→ **Records supplied**

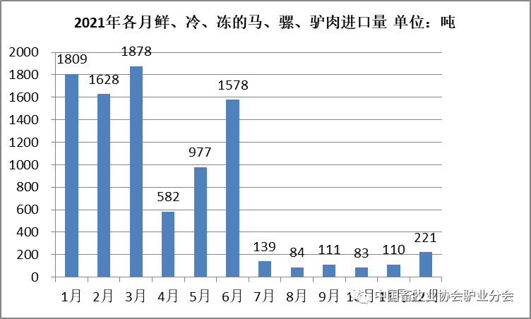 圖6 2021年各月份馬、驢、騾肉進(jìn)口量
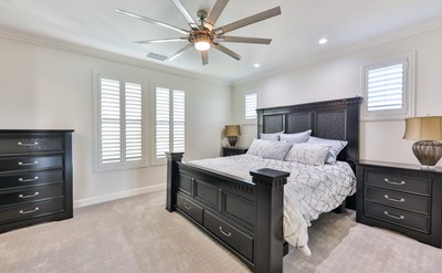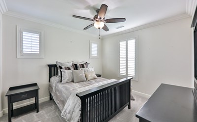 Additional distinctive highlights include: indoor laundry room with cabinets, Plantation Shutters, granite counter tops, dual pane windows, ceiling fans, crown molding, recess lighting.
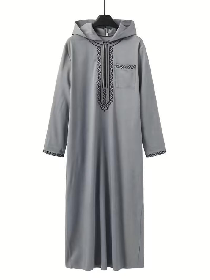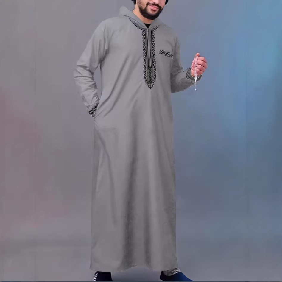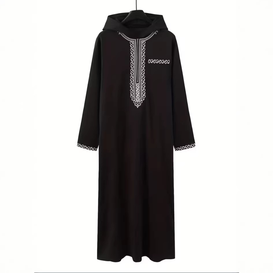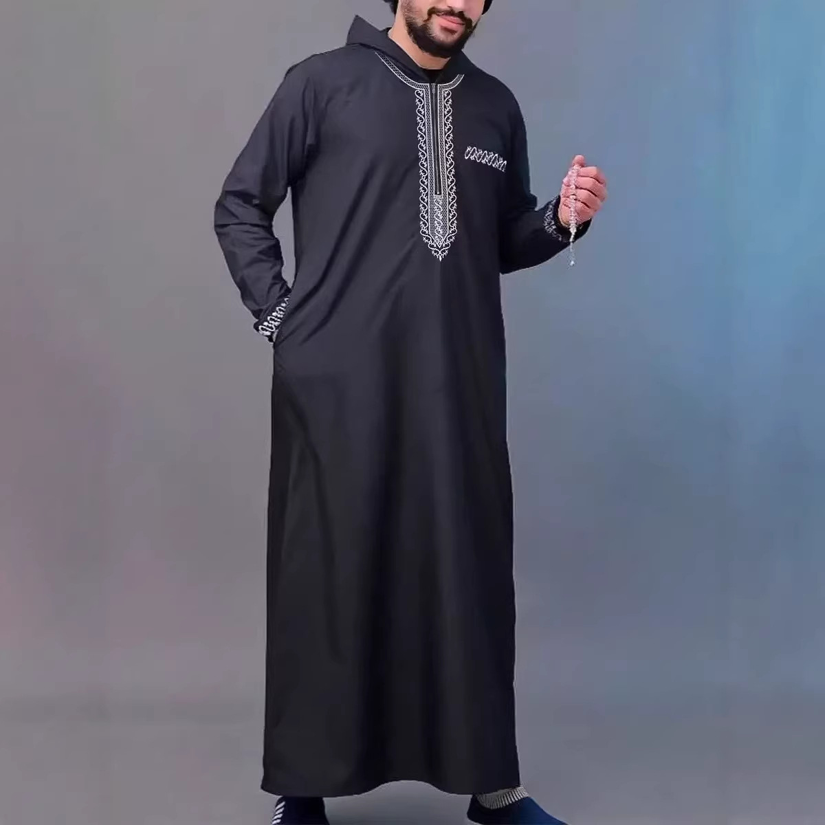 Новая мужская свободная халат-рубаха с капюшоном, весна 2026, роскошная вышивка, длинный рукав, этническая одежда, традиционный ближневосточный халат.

==

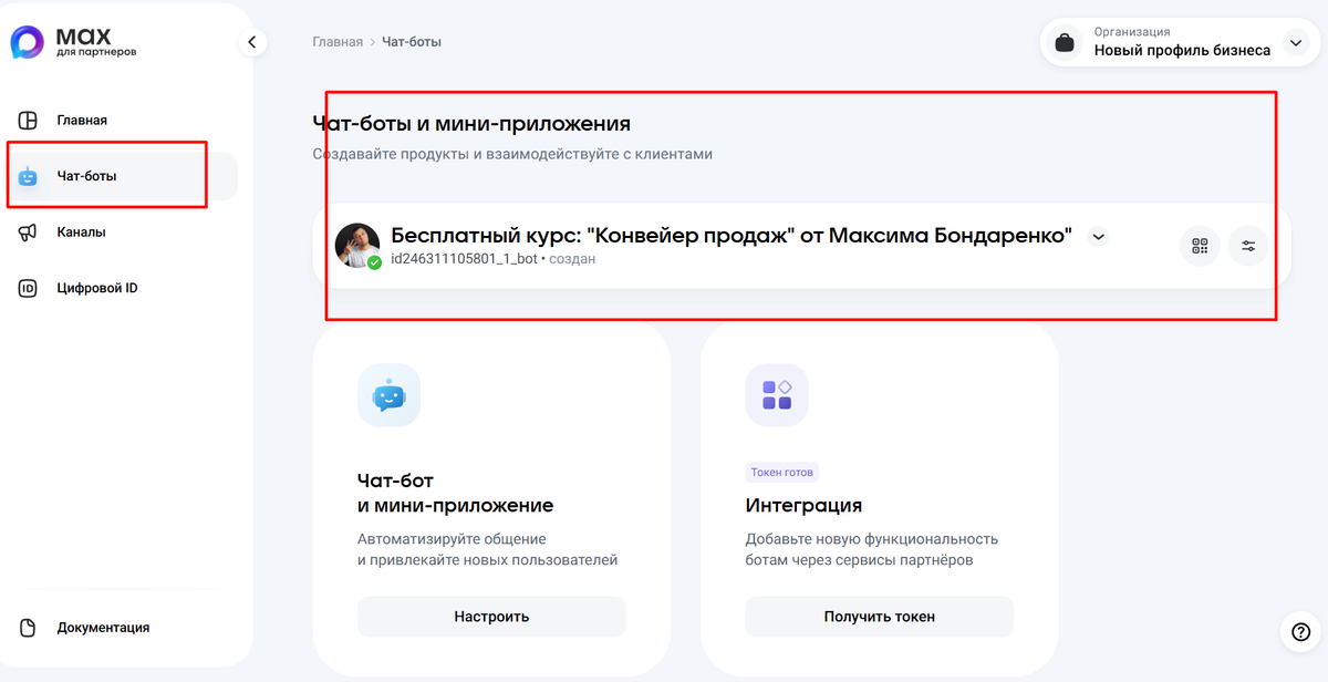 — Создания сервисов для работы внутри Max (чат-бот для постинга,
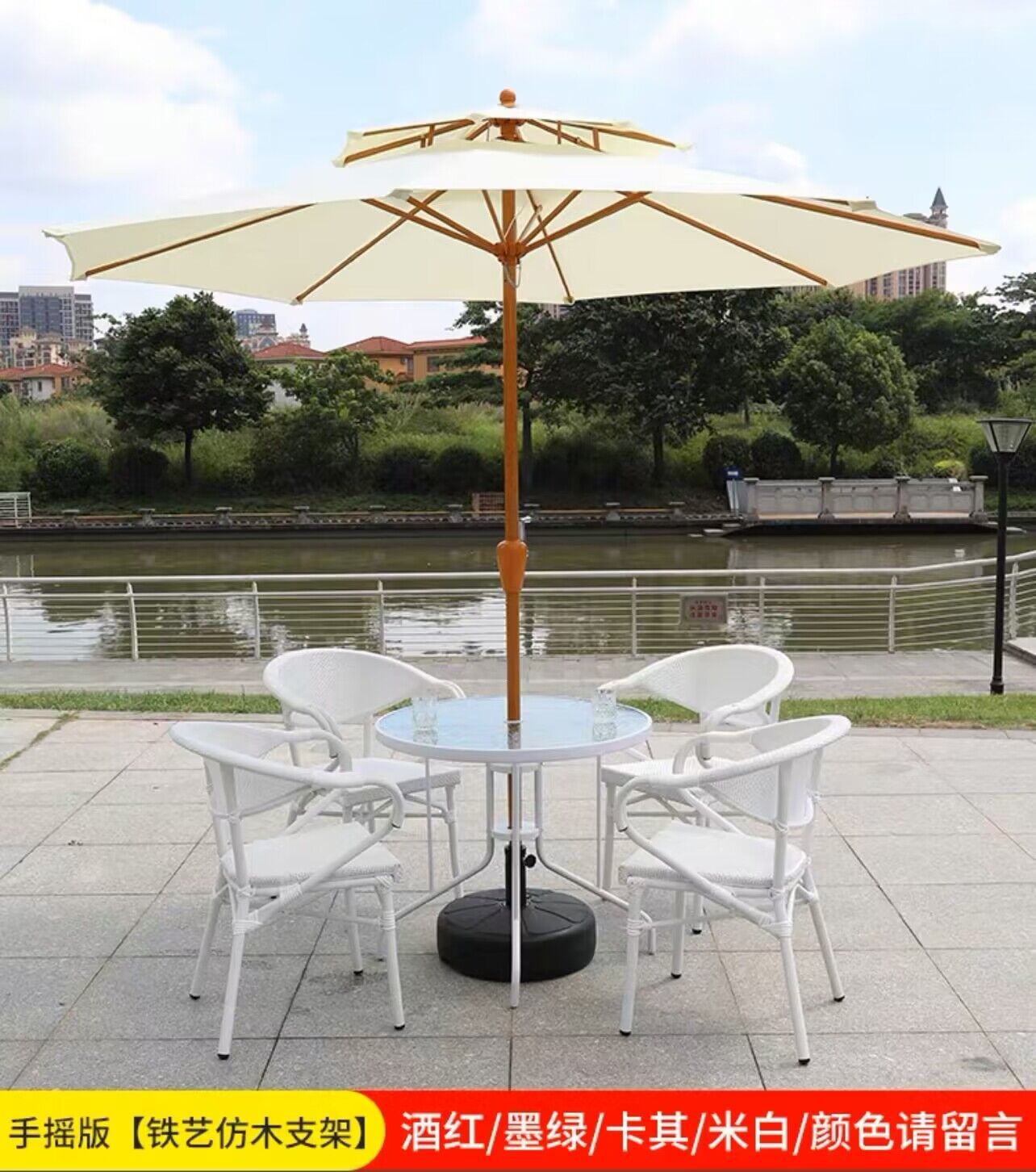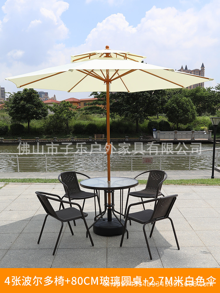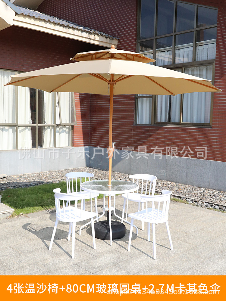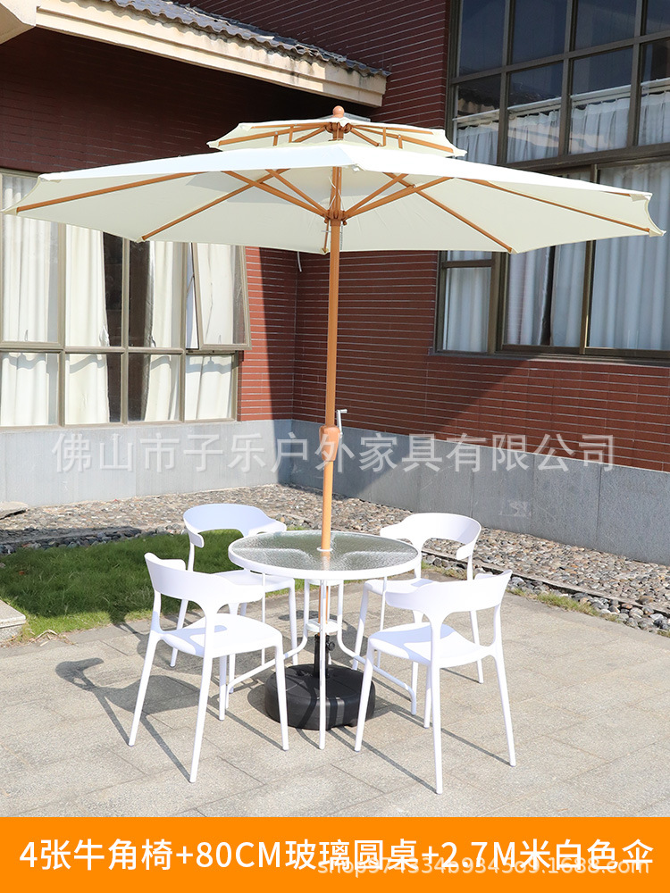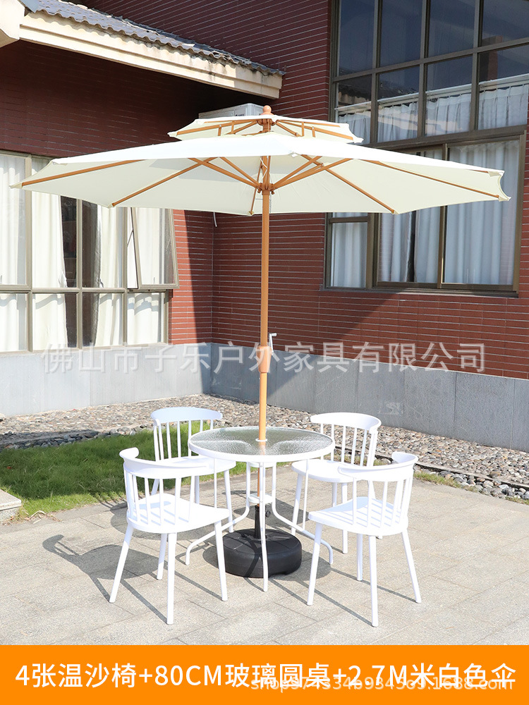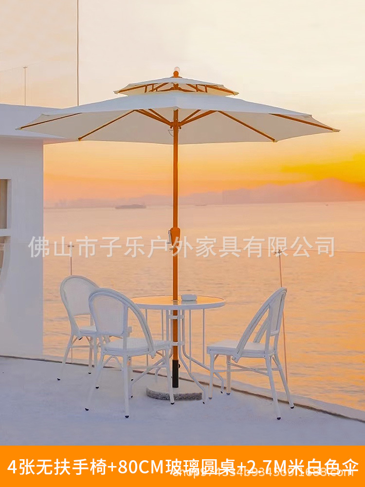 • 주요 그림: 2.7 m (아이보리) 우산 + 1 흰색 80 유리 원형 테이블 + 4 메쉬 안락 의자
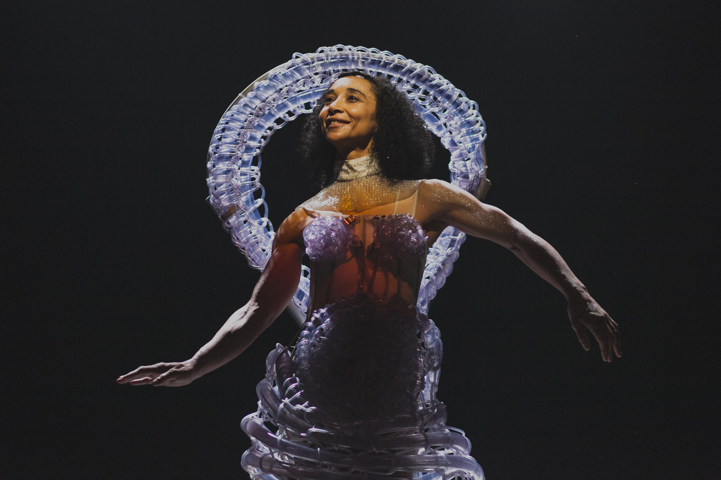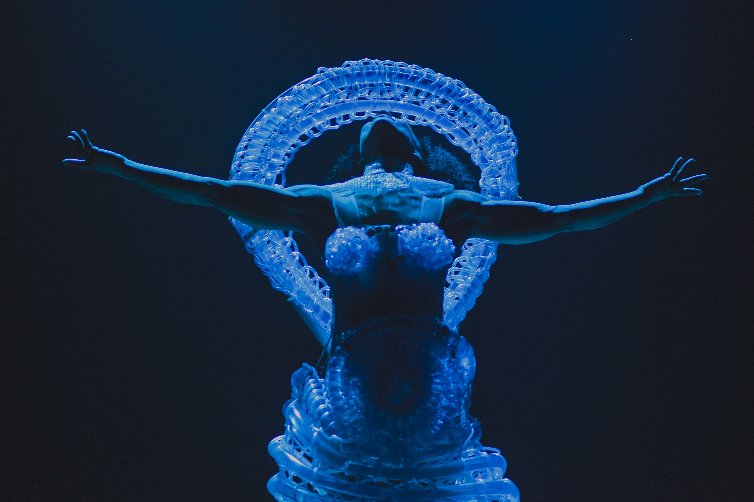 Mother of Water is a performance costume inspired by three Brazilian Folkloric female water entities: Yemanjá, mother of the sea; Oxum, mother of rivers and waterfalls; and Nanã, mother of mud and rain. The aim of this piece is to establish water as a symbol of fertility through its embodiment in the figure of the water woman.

→ **Task to complete**
Could you repeat, exactly, only the lines above starting at the one that has "테이블 + 4 메쉬 안락 의자" and stopping after the one that has "Mother of Water", without the pictures?

→ **Result below**
 • 주요 그림: 2.7 m (아이보리) 우산 + 1 흰색 80 유리 원형 테이블 + 4 메쉬 안락 의자
 Mother of Water is a performance costume inspired by three Brazilian Folkloric female water entities: Yemanjá, mother of the sea; Oxum, mother of rivers and waterfalls; and Nanã, mother of mud and rain. The aim of this piece is to establish water as a symbol of fertility through its embodiment in the figure of the water woman.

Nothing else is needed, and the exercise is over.